Turbine technology developments |
Pressure gain combustion – the next frontier
But it’s about ten years away S C (John) Gülen, ASME Fellow, Bechtel Fellow
The basic gas turbine cycle and construction have not changed in the eighty years since the Jumo- 004 turbojet engine entered wartime service in Germany in 1944. The operation of a gas turbine is described by the ideal “air-standard” Brayton or Joule cycle comprising four basic processes: isentropic compression; constant pressure heat addition; isentropic expansion; and constant pressure heat rejection. The ideal cycle describes a heat engine, which is a poor approximation of the ultimate heat engine operating in a Carnot cycle. (In the latter, heat addition and rejection processes are isothermal.) The actual machine, strictly speaking, is not a heat engine; it is an “energy conversion” device and does not operate in a thermodynamic cycle. This is why a gas turbine power plant is commonly referred to as an “open cycle” – an oxymoron – power plant in the literature. (The exception is the “closed cycle” – a tautology – gas turbine, which has been tried in the past with limited commercial success.) The net shaft power output of a gas turbine is determined by the difference between the power consumed by the compressor and the power generated by the expander (ie, the turbine). In a modern machine, roughly one half of the expansion power is consumed by the compressor. This is the reason why turbine inlet temperature is the key knob to make the ratio more favourable, ie, increase the net power output. The improvement, however, comes at the expense of increased fuel burn in the combustor and adversely affects the thermal efficiency. The balancing act involves an increase in the cycle (ie, compressor) pressure ratio to increase the temperature of the air entering the combustor, which is counter-productive because it increases the power consumption of the compressor. To make a long story short, this balancing act results in a symbiotic relationship between the cycle/compressor ratio (PR) and the turbine inlet temperature (TIT), which resulted in a concomitant rise in both over the last four decades. From the early E class with 1300°C–12:1 (TIT–PR) combo to the F class with 1400°C–15:1 and, finally, to the present-day advanced class gas turbines with close to 1700°C and 25:1, with thermal efficiencies of 43-44% (ISO baseload on a lower heating value (LHV) basis). In a combined cycle configuration, today’s state-of-the-art is around 64% LHV (ISO baseload) with the advanced class gas turbines.

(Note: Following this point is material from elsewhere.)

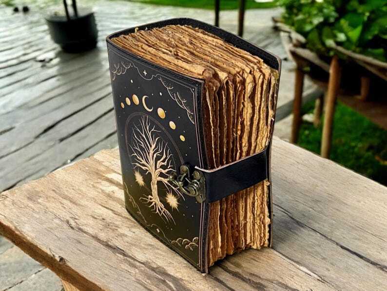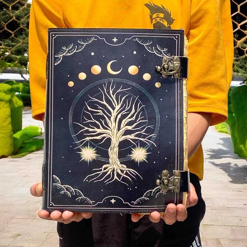 Large Grimoire leather journal, Print Tree of Life Journal, Blank spell book of shadows Leather Celestial Gifts for Him Her * Print - Tree of life * Brass C Clasp lock closure * Genuine buffalo leather * Vintage deckle edge old paper * Handmade rustic cotton paper ↪ Size - 7x5 Inches, 8x6 Inches, 10x7 Inches ● Leather journal witchcraft book of shadows notebook is made with Antique Paper which looks like it was pulled from history. You will fall in love with the antique handmade cotton paper which is unique to our Vintage Journal Notebook. ● The vintage clasp lock will keep all your valuable writing locked inside. Sturdy hand stitched binding to make sure that no paper comes out loose from your spell notebook. ● Sketch, Doodle, Write on your Leather Blank Spell Journal with a Calligraphy Pen Fountain Pen, Brush Pen, Ball Pen, Acrylic Colors, Watercolor and many more. We guarantee no bleed through. ● Artist Sketchbooks, Photo Album, Traveling Notes, Business Executive, Logbook, Poetry Work, Journalists, Food Planner, Instagram Scrapbook and Bible Journaling.

Further increase in thermal efficiency without a change to the underlying Brayton cycle has already become an endeavour of diminishing
returns. Emerging technologies such as additive manufacturing, exotic hot gas path materials, and 3D computational design platforms can (and do) result in incremental improvements but they are unlikely to bring the technology to the next level on their own. (70% net LHV efficiency is an oft-cited target.) One such change, at an ideal cycle level, is a switch from constant pressure (isobaric) heat addition to constant volume (isochoric) heat addition. As can be easily recognised from the ideal gas equation of state, pv = RT, the advantage of this cycle mod is that an increase in working fluid temperature is accompanied by a commensurate increase in pressure. In other words, a portion of cycle pressure rise can be transferred from the power consuming mechanical compression to the heat addition process (ie, thermal compression). In fact, there is an ideal cycle like that in the literature: the Atkinson cycle (frequently referred to as the Humphrey cycle in detonation combustion circles). A graphical comparison of air-standard (ideal) Atkinson and Brayton cycles with the same cycle maximum temperature (ie, T3, the ideal cycle proxy for TIT) is provided in Figure 1. The cycles
are depicted on a temperature–entropy (T–s) diagram, which is the most convenient way to visually describe the cycle thermodynamics. To be precise, there are four ideal cycles shown in Figure 1, namely: Two Carnot cycles, {1–2C–3–4C–1} and {1–2C–3A–4CA–1}, which represent the theoretical maximum efficiency set by the second law of thermodynamics, ie, 1 – T1/T3. The Brayton cycle {1–2–3–4–1}, a poor substitute for the Carnot cycle, whose efficiency is a function of the cycle pressure ratio, PR = P2/P1, only. The Atkinson cycle, another Carnot substitute, where the isochoric heat addition process further increases the cycle pressure ratio. Note that the Atkinson cycle efficiency is a function of the pre-compression ratio, r = v1/v2, and TIT, which sets the thermal pressure ratio rp = P3A/ P2 (= T3A/T2), as mentioned above.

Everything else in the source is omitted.